How to complete this task
Give the data again word for word; drop the pictures.

Data section
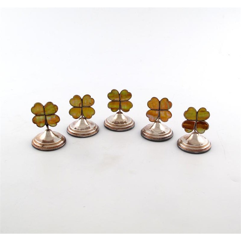 formed as four leaf clovers, on raised circular bases, height 4.5cm. (5)
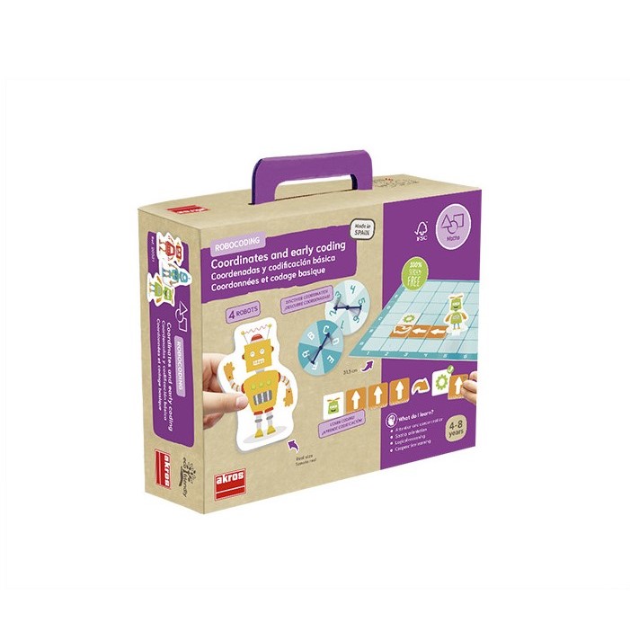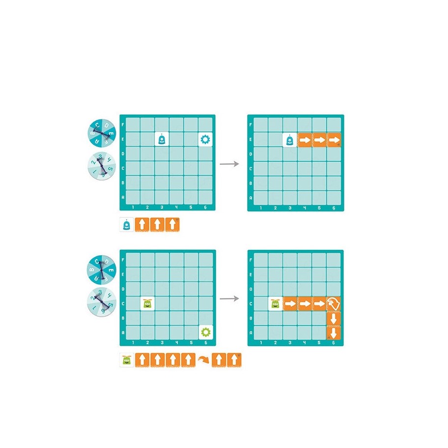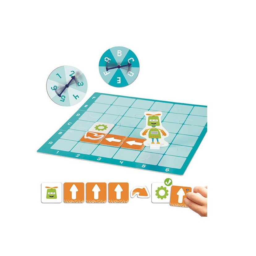 Coding without a computer? It’s the best way to start! Spin the roulette wheels and put the robots on the board. Learn about coordinates and first concepts of early coding.
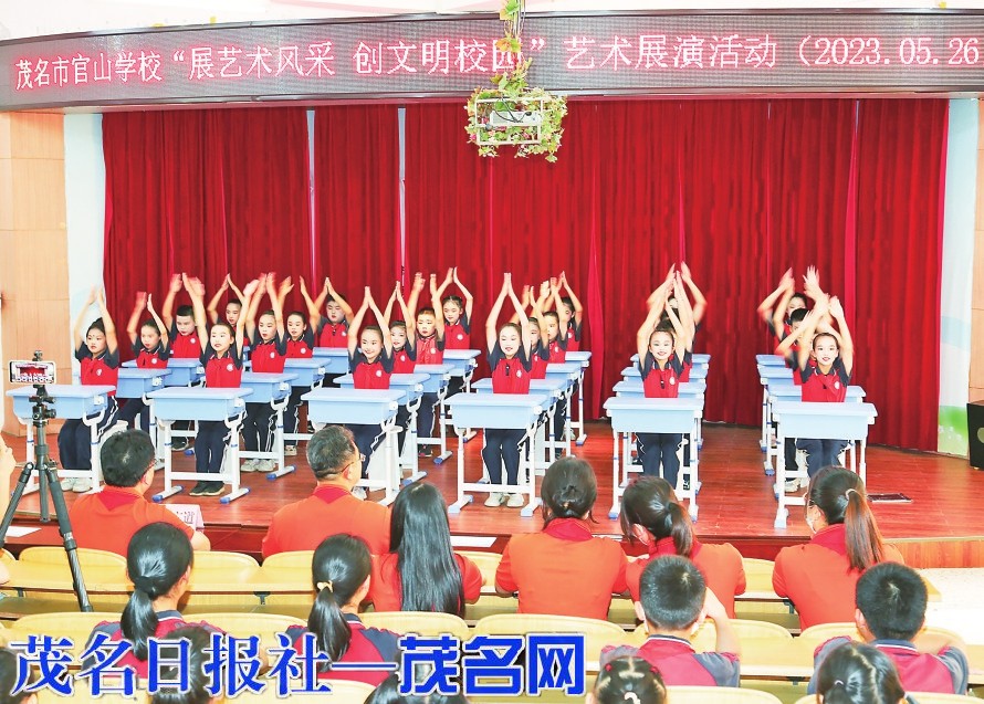 市官山学校学生在艺术展演舞台上表演《课桌舞串烧》。 茂名日报社全媒体记者 岑稳 摄

Exercise answer
 formed as four leaf clovers, on raised circular bases, height 4.5cm. (5)
 Coding without a computer? It’s the best way to start! Spin the roulette wheels and put the robots on the board. Learn about coordinates and first concepts of early coding.
 市官山学校学生在艺术展演舞台上表演《课桌舞串烧》。 茂名日报社全媒体记者 岑稳 摄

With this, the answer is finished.